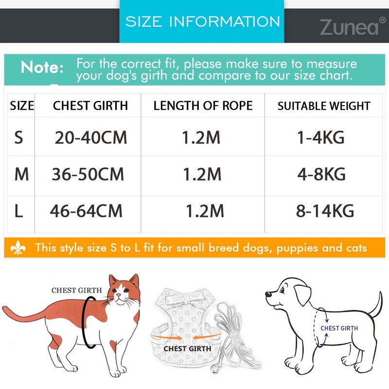 • Ideal for small dogs, cats, puppies, Chihuahua, Shih Tzu, miniature poodle, Yorkshire Terrier, Pomeranian, Bichon Frise etc. for daily walking, outdoor running, training, etc.
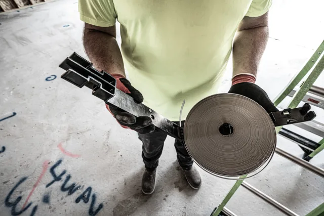 Ein integrierter Spannungshalter sorgt für zusätzliche Kontrolle. Der Gurt kann straff geführt werden um saubere Schnitte zu ermöglichen oder frei abrollen wenn schnelles Arbeiten gefragt ist. Diese durchdachte Funktion macht den Strap Holder zu einem praktischen und bewährten Zubehör für den täglichen Einsatz.
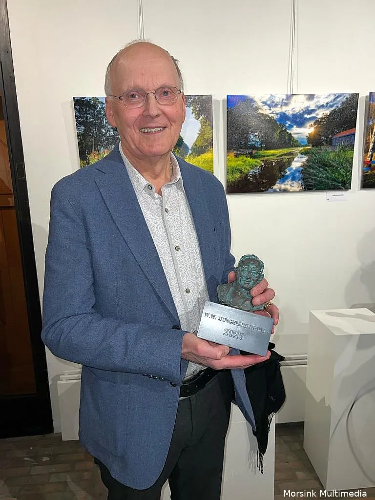 En dan de midwinterhoornblazers. Wintels geldt als ‘veurman’ van de Doarper Mirreweenterhoarnbloazers en zorgt er daarmee voor dat dit cultureel erfgoed volop in de belangstelling blijft staan. “Aan iemand die zich op dusdanige wijze inzet voor cultuur en het behoud van cultureel erfgoed, is deze prijs goed besteed”, concludeerde wethouder Benno Brand. Hij overhandigde Wintels zijn prijs; een replica op schaal van het bekende borstbeeld van Dingeldein.
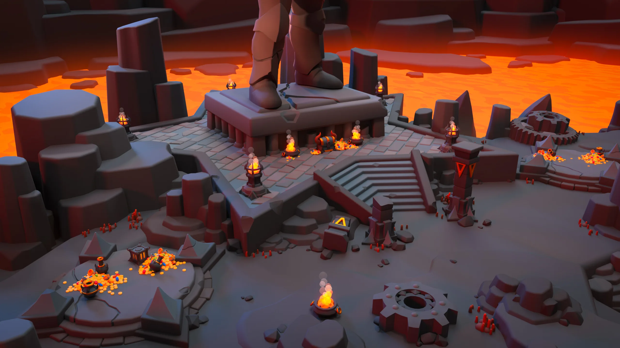 Platforms of various shapes, pillars, stairs, gears, large teeth, stone pedestals, lava pools, mechanical parts.
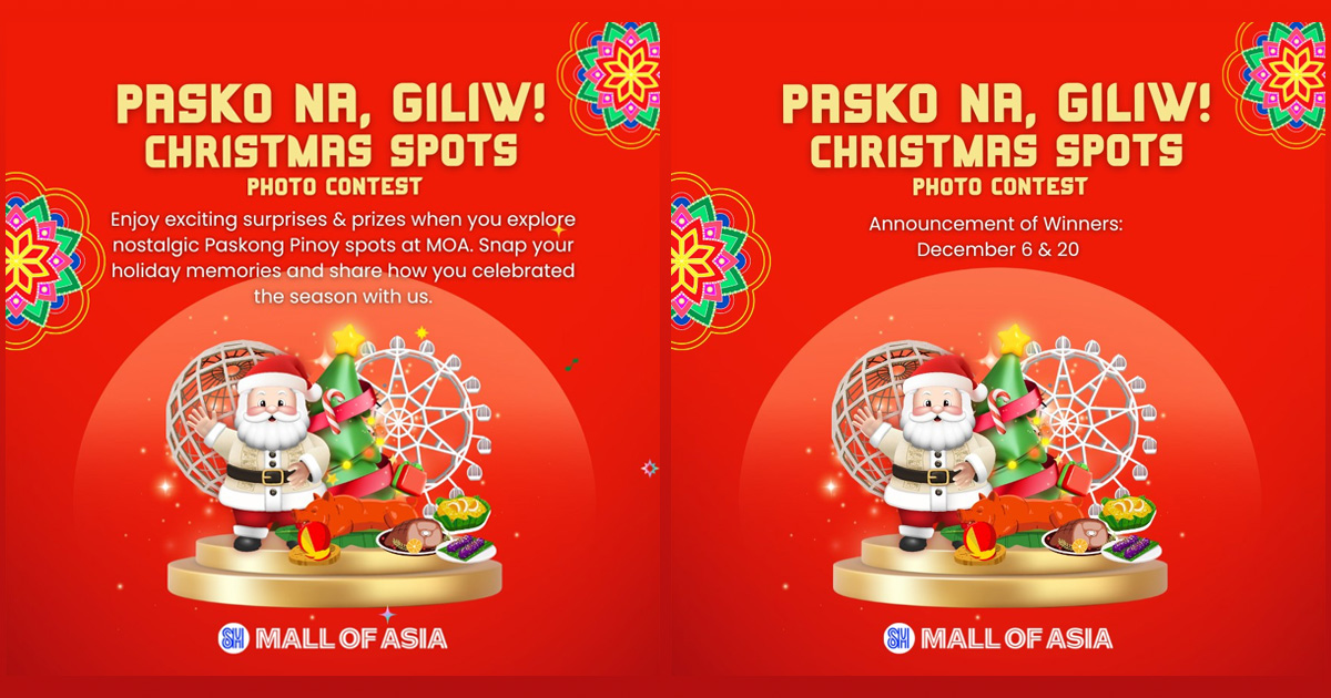 Join our photo contest today by simply snapping a photo at any Paskong Pinoy spot, and post it on Instagram or Facebook together with a caption about your experience and what Christmas at MOA means to you. Make sure that your account is public, tag @themallofasiaofficial, and use #PaskongPinoyAtMOA in your posts!

========================

Only the lines from the start of the records through the line containing "Ein integrierter Spannungshalter" should be repeated, word for word, with the pictures left out.

**RESPONSE TO THE EXERCISE**
 • Ideal for small dogs, cats, puppies, Chihuahua, Shih Tzu, miniature poodle, Yorkshire Terrier, Pomeranian, Bichon Frise etc. for daily walking, outdoor running, training, etc.
 Ein integrierter Spannungshalter sorgt für zusätzliche Kontrolle. Der Gurt kann straff geführt werden um saubere Schnitte zu ermöglichen oder frei abrollen wenn schnelles Arbeiten gefragt ist. Diese durchdachte Funktion macht den Strap Holder zu einem praktischen und bewährten Zubehör für den täglichen Einsatz.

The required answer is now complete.